The world will go its own way, of course, but I wonder if the church is no longer supposed to call the world to repentance. St. John the Baptist did, and at least the Advent Proper Preface would suggest that his preaching of repentance has something to do with this season. It may even be possible that there were Christians among that crowd of Wal-Mart shoppers who trampled that poor man to death out in New York (who then complained when their shopping was interrupted by the police). I don't insist that anyone fast during Advent, and I'm not good at fasting myself, but it seems the polar opposite of fasting to be so driven by the spending of money on extravagance of every kind.

It is the Word of the Gospel and the Body and Blood of Christ, "for you," that comprise the Christ Mass. And we are gotten ready for that feast by the preaching of repentance for the forgiveness of sins. Penitence, after all, is not confined to Lent, nor even to Advent and Lent, but characterizes the daily life of the baptized.

wmc said...

Penitence, after all, is not confined to Lent, nor even to Advent and Lent, but characterizes the daily life of the baptized.
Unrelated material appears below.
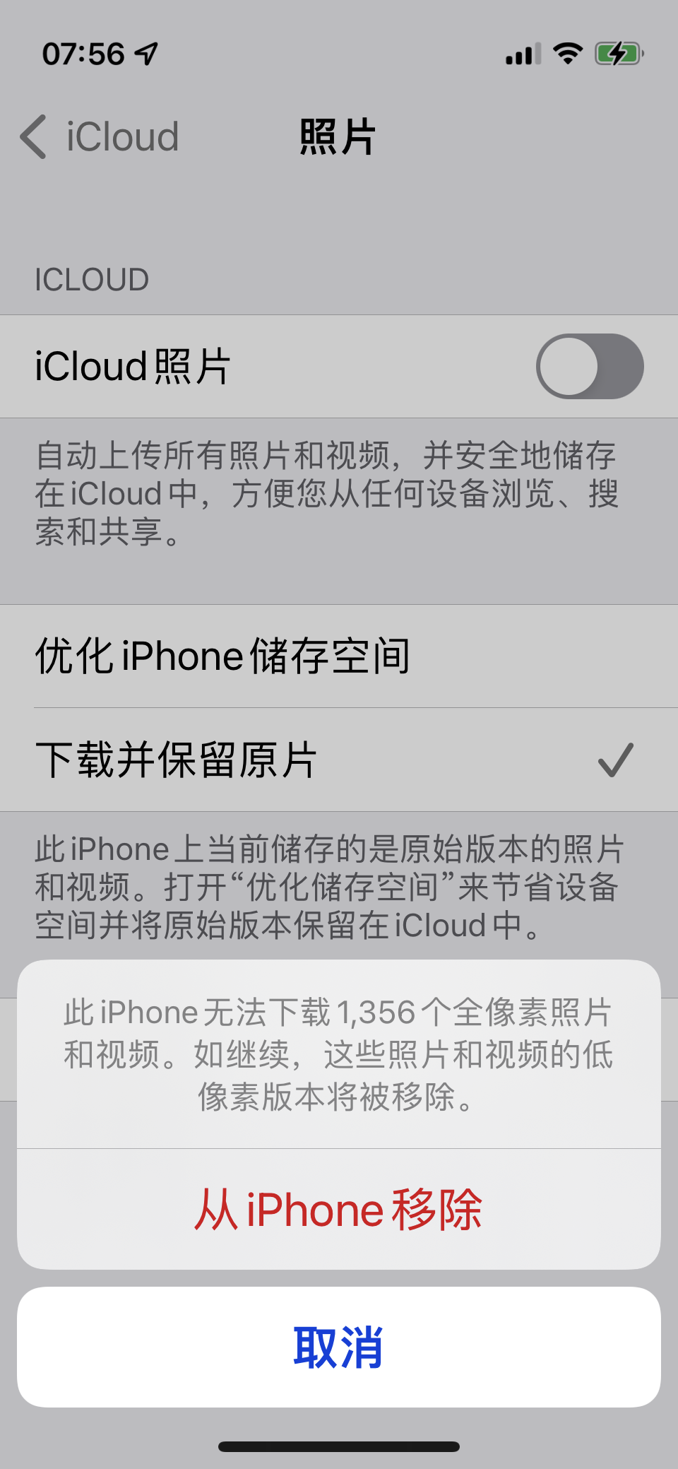 想关掉iCloud照片但是iOS15.1系统提示无法下载1k多个全像素照片和视频,怎么办?已接入无线网和电源一周,也重启过。
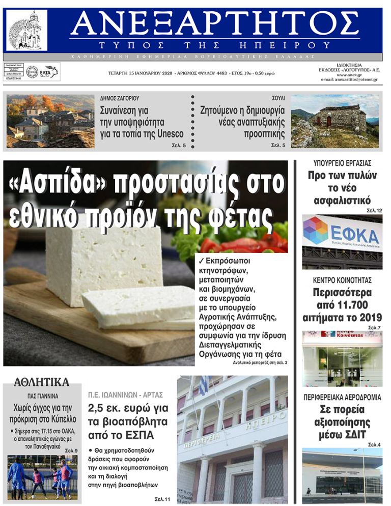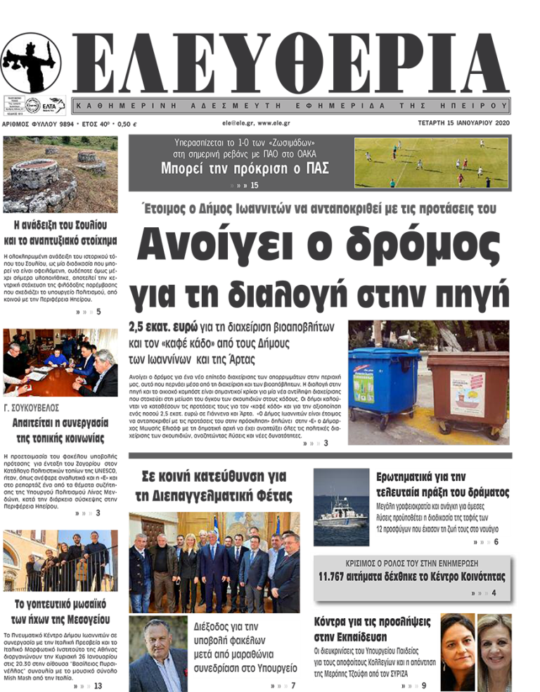 Διαβάστε στα πρωτοσέλιδα των γιαννιώτικων εφημερίδων σήμερα, Τετάρτη 15 Ιανουαρίου.

Amen to that! The seasons, each in their own way, are fine outward training in the baptismal life of repentance, faith, and love.

organistsandra said...

Pastor Cwirla gives good advice, more profound than he's willing to admit...


As do you, Pastor Stuckwisch.

It's been helpful to hear all of you express the way the restrained joy and sober watchfulness of Advent looks in our lives. Thanks!